Stored dataset items:
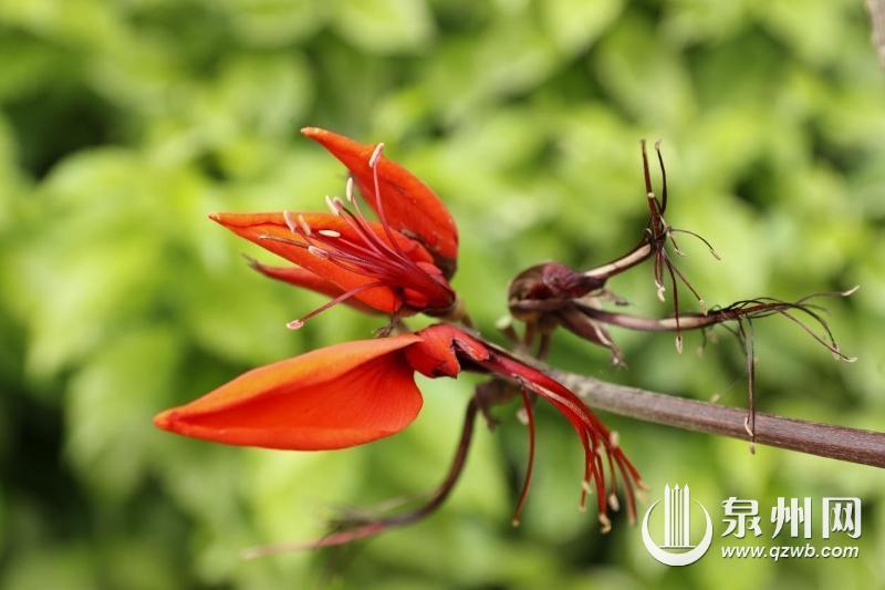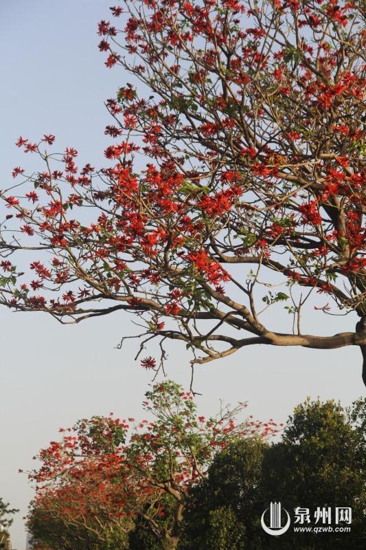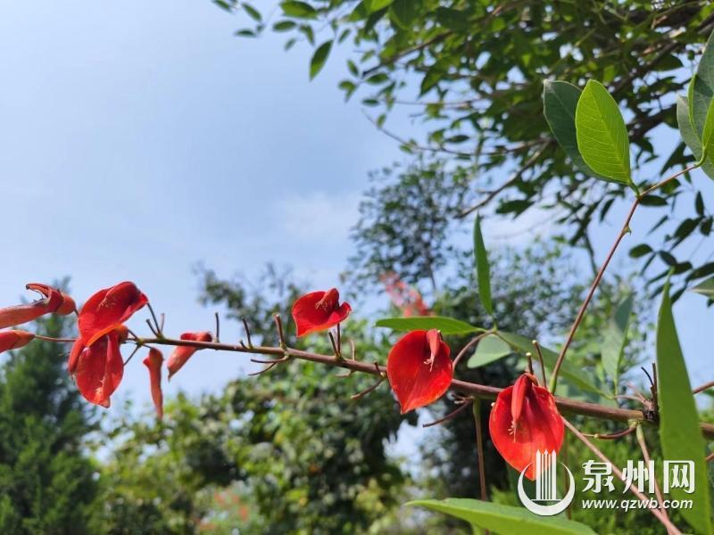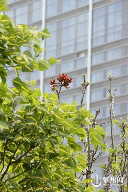 5月,初夏,泉州市区丰海路、滨海公园等地,鸡冠刺桐开得热烈。
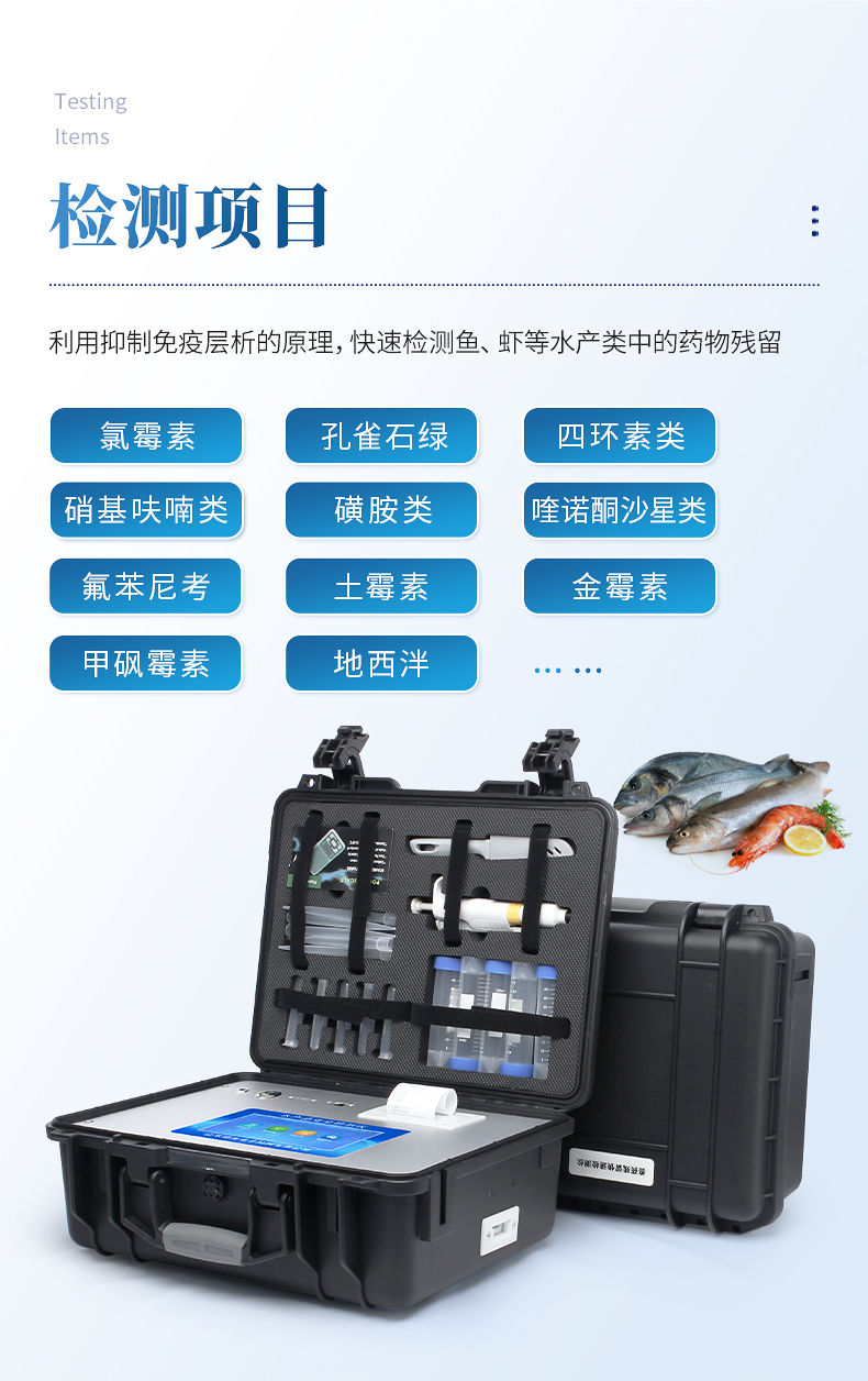 水產(chǎn)品藥物殘留檢測儀可快速檢測魚、蝦等水產(chǎn)類中的氯霉素、孔雀石綠、四環(huán)素類、硝基呋喃類、磺胺類、喹諾酮沙星類、氟苯尼考、土霉素、金霉素、甲砜霉素、地西泮等快速檢測,如氯霉素快速檢測卡整個檢測過程只需要30分鐘左右, 靈敏度為 0.3 μg/kg (ppb)。該快速檢測系統(tǒng)設備為集成化食品安全快速檢測分析設備,廣泛應用于農(nóng)貿(mào)市場、海鮮市場、食品肉產(chǎn)品深加工企業(yè)、食藥監(jiān)局、衛(wèi)生部門、水產(chǎn)養(yǎng)殖場、檢驗檢疫部門、農(nóng)業(yè)部門、第三方機構等單位使用。
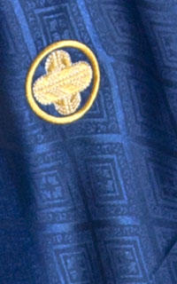 スタンダードな花菱柄の青。お客様の要望の多いスタンダード紋付袴スタイルです。
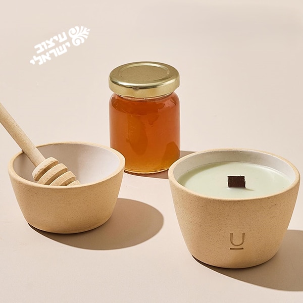 נר תפוח + קערית + מקל דבש + צנצנת דבש 70 גרם
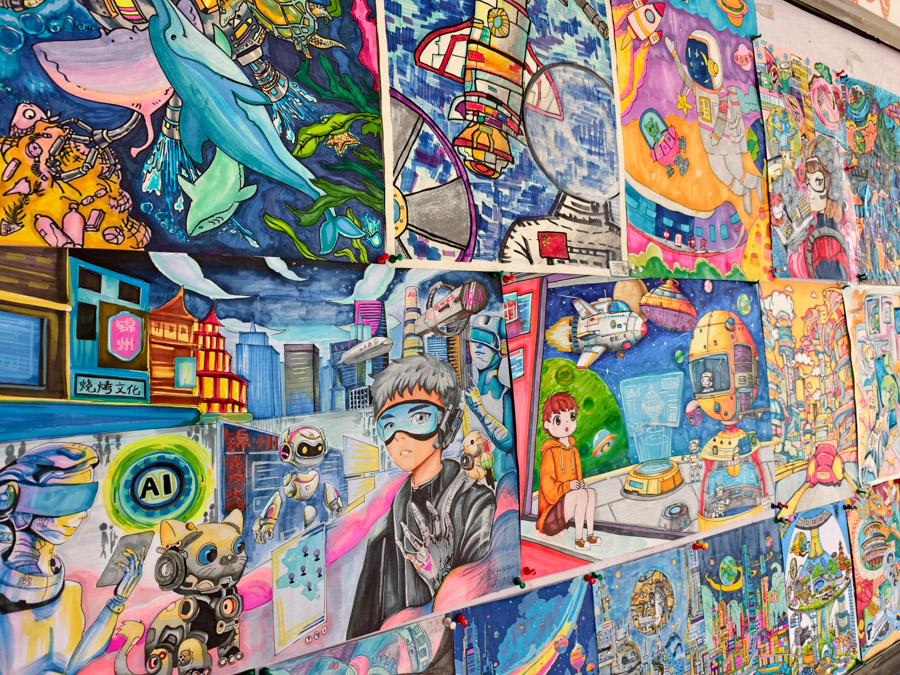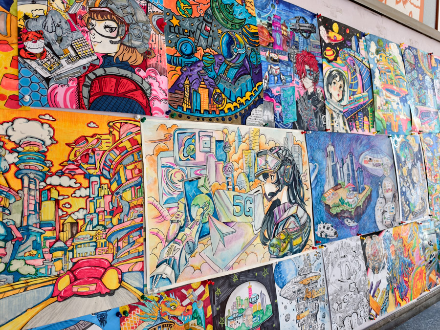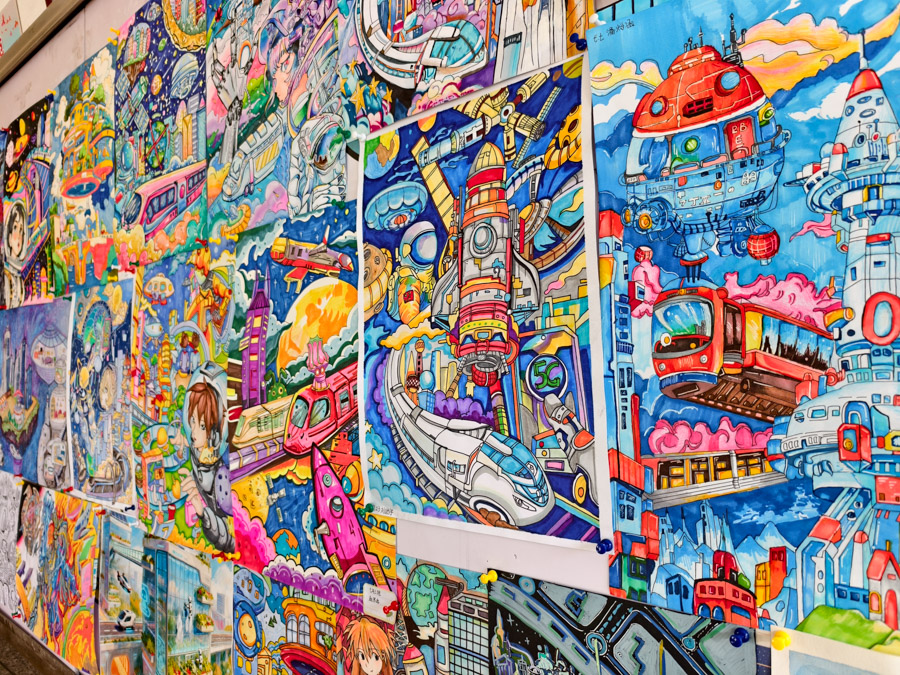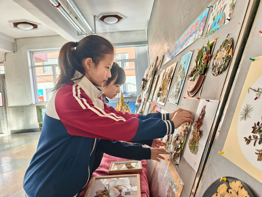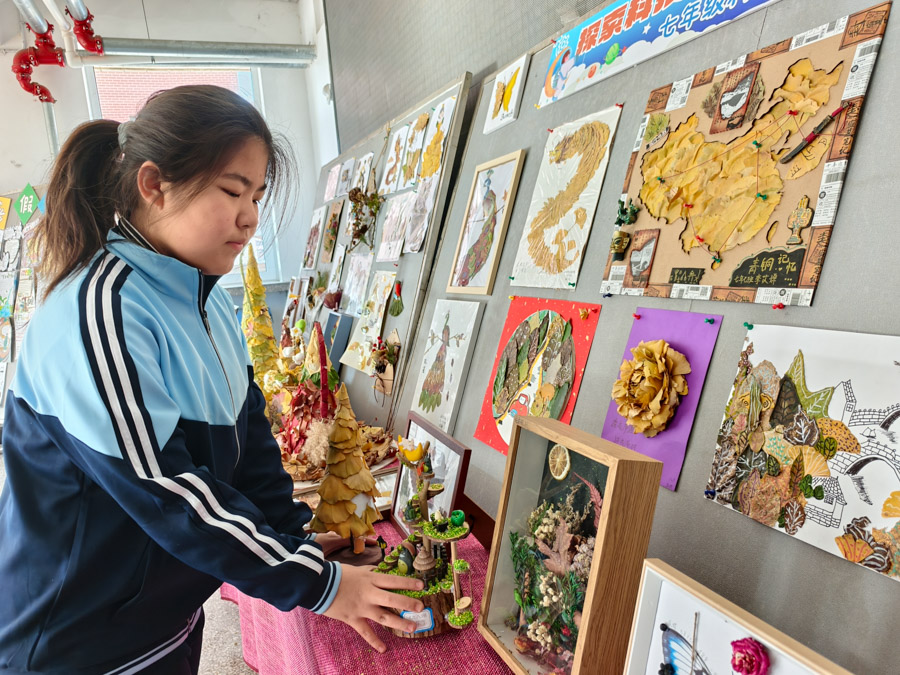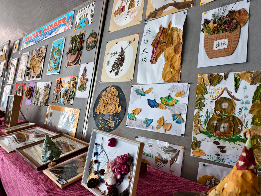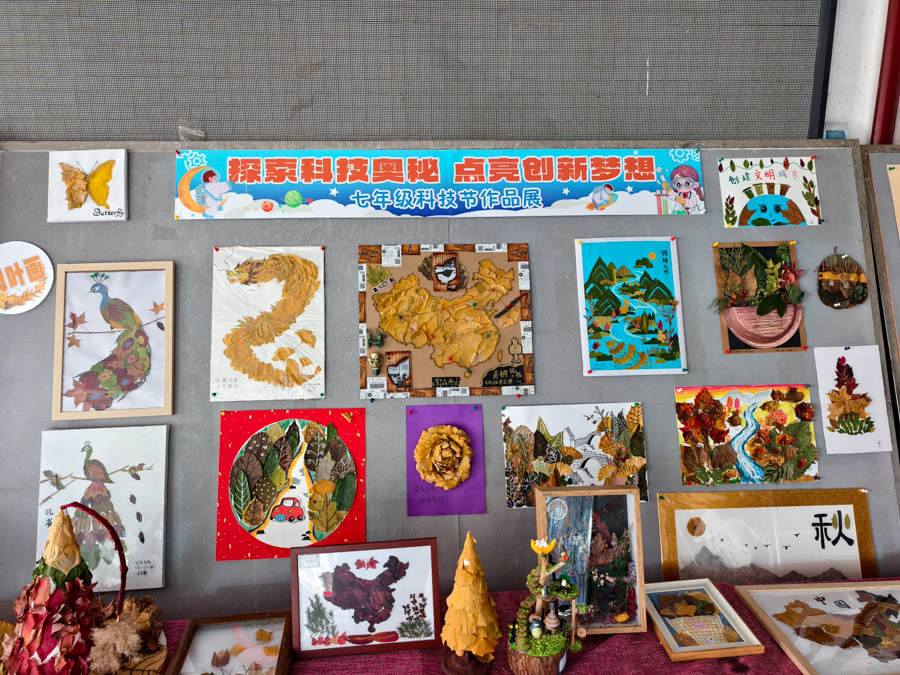 展览汇聚七年级百余件学生作品,包括精巧的树叶画、构想未来的科技创意画以及源自生活的小发明、小创造,充分展现了七年级学生的巧思与探索精神。
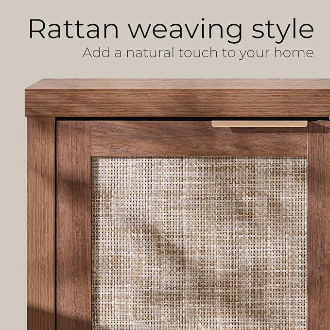 - [Bohemian Classic Farmhouse]-Walsham console cabinet features a realistic rattan texture, bringing natural textures and farmhouse charm to your kitchen, living room or entrance passage. The sideboard is equipped with a hidden golden handle, adding a modern and luxurious feel
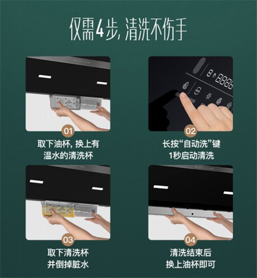 热水自动洗功能,是华帝油烟机的独特功能,更是购买华帝油烟机产品的消费者福音。华帝油烟机i11150机器自动洗操作程序十分简单,只需要简单的四步即可完成:首先取下油杯,换上盛满清水的清洁杯;然后长按“清洗键”,启动自动洗程序,机器即通过高温预热、强力冲刷和高速甩油烘干等流程进行自动洗;接下来换清洁杯,重新装上油杯即可。
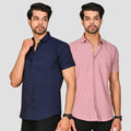 Navy Blue And Peach Half Sleeve Linen Shirt Combo
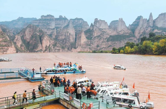游客乘船在永靖县炳灵寺5A级景区游览。(通讯员史有东)
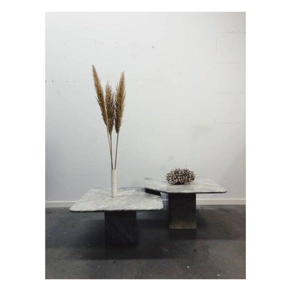 Deze knaller van een marmeren salontafel is een echte aanwinst voor je interieur. De tafel heeft een mooie wassing van grijs en witte tinten. De tafel is enorm zwaar door het massieve marmer en het bovenblad zit vast op het onderstel. Het meubel is in goede vintage conditie.
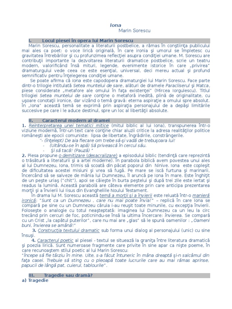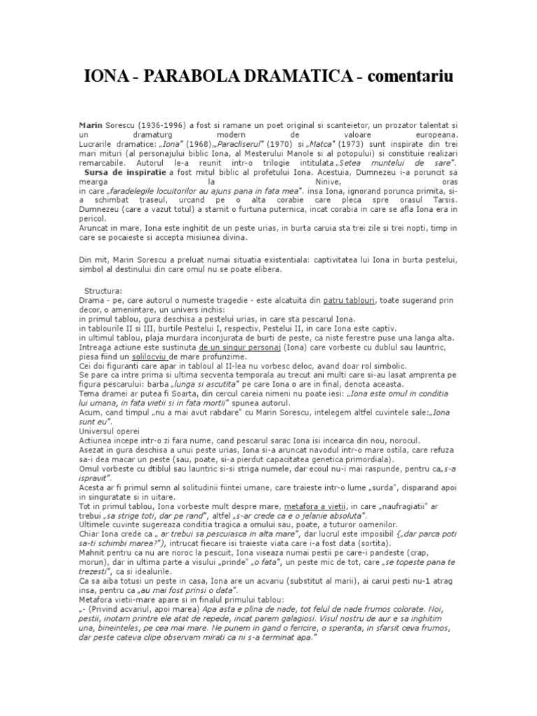 Iona Parabola Dramatica Comentariu

WHAT IS BEING ASKED:
In the data above, find the line containing "スタンダードな花菱柄の青。お客様の要望の多いスタンダード紋付袴スタイルです。"; from there, please write out each line through the end, exactly, with the pictures omitted.

EXPECTED ANSWER:
 スタンダードな花菱柄の青。お客様の要望の多いスタンダード紋付袴スタイルです。
 נר תפוח + קערית + מקל דבש + צנצנת דבש 70 גרם
 展览汇聚七年级百余件学生作品,包括精巧的树叶画、构想未来的科技创意画以及源自生活的小发明、小创造,充分展现了七年级学生的巧思与探索精神。
 - [Bohemian Classic Farmhouse]-Walsham console cabinet features a realistic rattan texture, bringing natural textures and farmhouse charm to your kitchen, living room or entrance passage. The sideboard is equipped with a hidden golden handle, adding a modern and luxurious feel
 热水自动洗功能,是华帝油烟机的独特功能,更是购买华帝油烟机产品的消费者福音。华帝油烟机i11150机器自动洗操作程序十分简单,只需要简单的四步即可完成:首先取下油杯,换上盛满清水的清洁杯;然后长按“清洗键”,启动自动洗程序,机器即通过高温预热、强力冲刷和高速甩油烘干等流程进行自动洗;接下来换清洁杯,重新装上油杯即可。
 Navy Blue And Peach Half Sleeve Linen Shirt Combo
游客乘船在永靖县炳灵寺5A级景区游览。(通讯员史有东)
 Deze knaller van een marmeren salontafel is een echte aanwinst voor je interieur. De tafel heeft een mooie wassing van grijs en witte tinten. De tafel is enorm zwaar door het massieve marmer en het bovenblad zit vast op het onderstel. Het meubel is in goede vintage conditie.
 Iona Parabola Dramatica Comentariu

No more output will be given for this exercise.